With Java’s enormous popularity, it is not surprising how much innovation happens in the Java community. It would be impossible to feature all the great content that Java developers create each month, but there is a common thread. Either thanks to Java’s conventions or in spite of them, these developers find some incredible ways to bend the rules. Some take it as a challenge. Others, a chore. But their creativity is indisputable.

Common SQL Clauses and Their Equivalents in Java 8 Streams – The use of fluent interfaces for modeling state-machinery seems to be an emerging pattern recently, made further possible with the help of Java’s new functional approach. There are a lot of parallels between functional programming and relational databases, and this is evident in the number of LINQ-related tools for Java, like DKO, Jinq, jOOQ and QueryDSL. Lukas Eder, creator of jOOQ and jOOλ, discusses the uncanny similarity between SQL operations and their Java Stream equivalents.

HTML in Java – A little-known compiler flag introduced in Java 8 now allows Java code to read parameter names through runtime reflection.
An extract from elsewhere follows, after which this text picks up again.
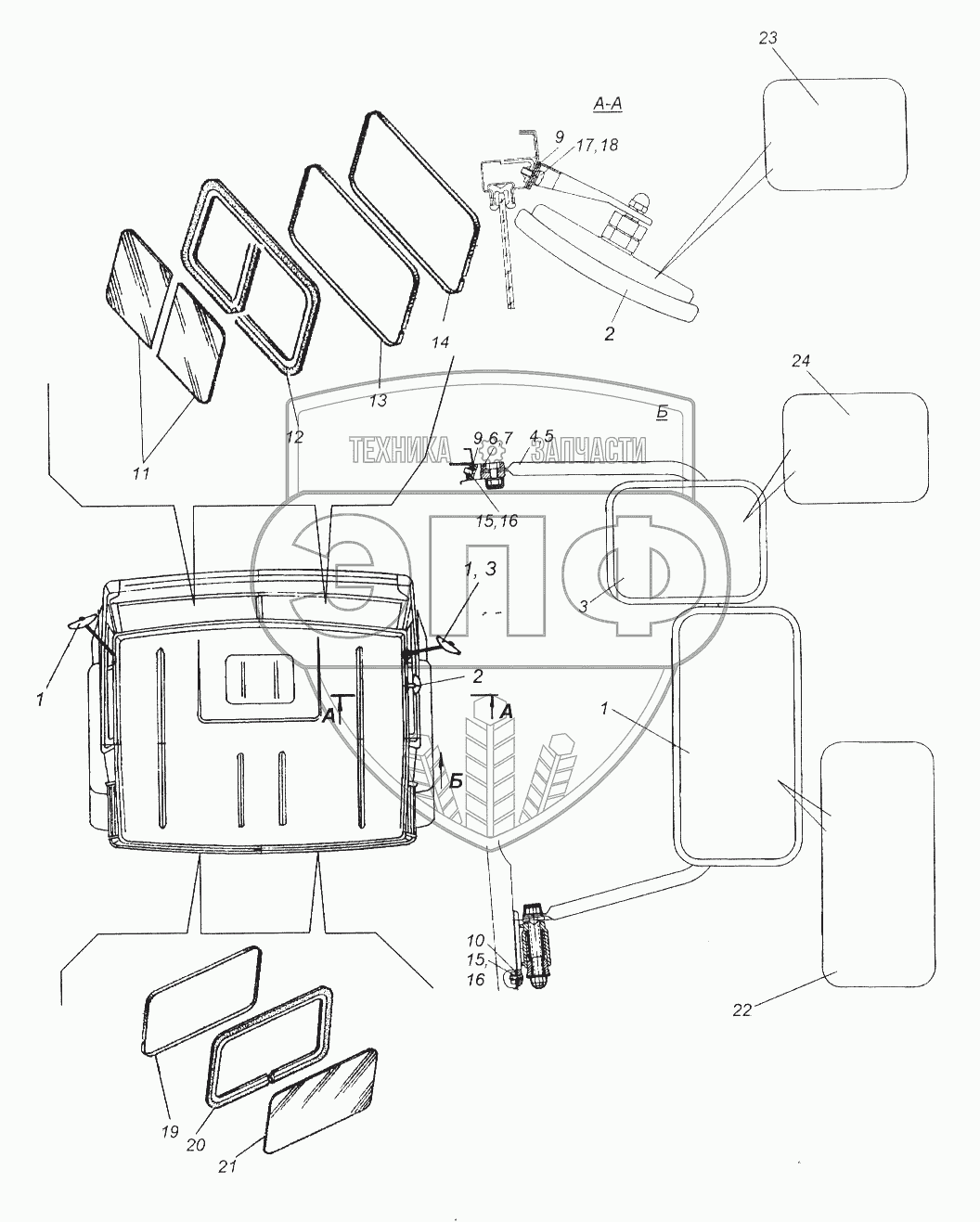 Каталог запасных частей к технике: Камский автозавод 65116. Установка зеркал заднего вида

This feature lets developers to use the additional metadata for things like writing inline HTML. Benji Weber implements a proof of concept for this idea to generate HTML, and by leveraging Java’s type system, gets compile-time HTML validation in the process. How cool is that?

Unrolling loops at runtime with Byte Buddy – When writing an unsafe version of ArrayList, Andrew Brampton had an interesting observation. He noticed that copying objects into off-heap memory from a loop was about two times slower than unrolling the same loop before compilation. In this article, he discusses how to use ByteBuddy, a runtime bytecode generator, and JMH to speed up an unsafe ArrayList and benchmark the results.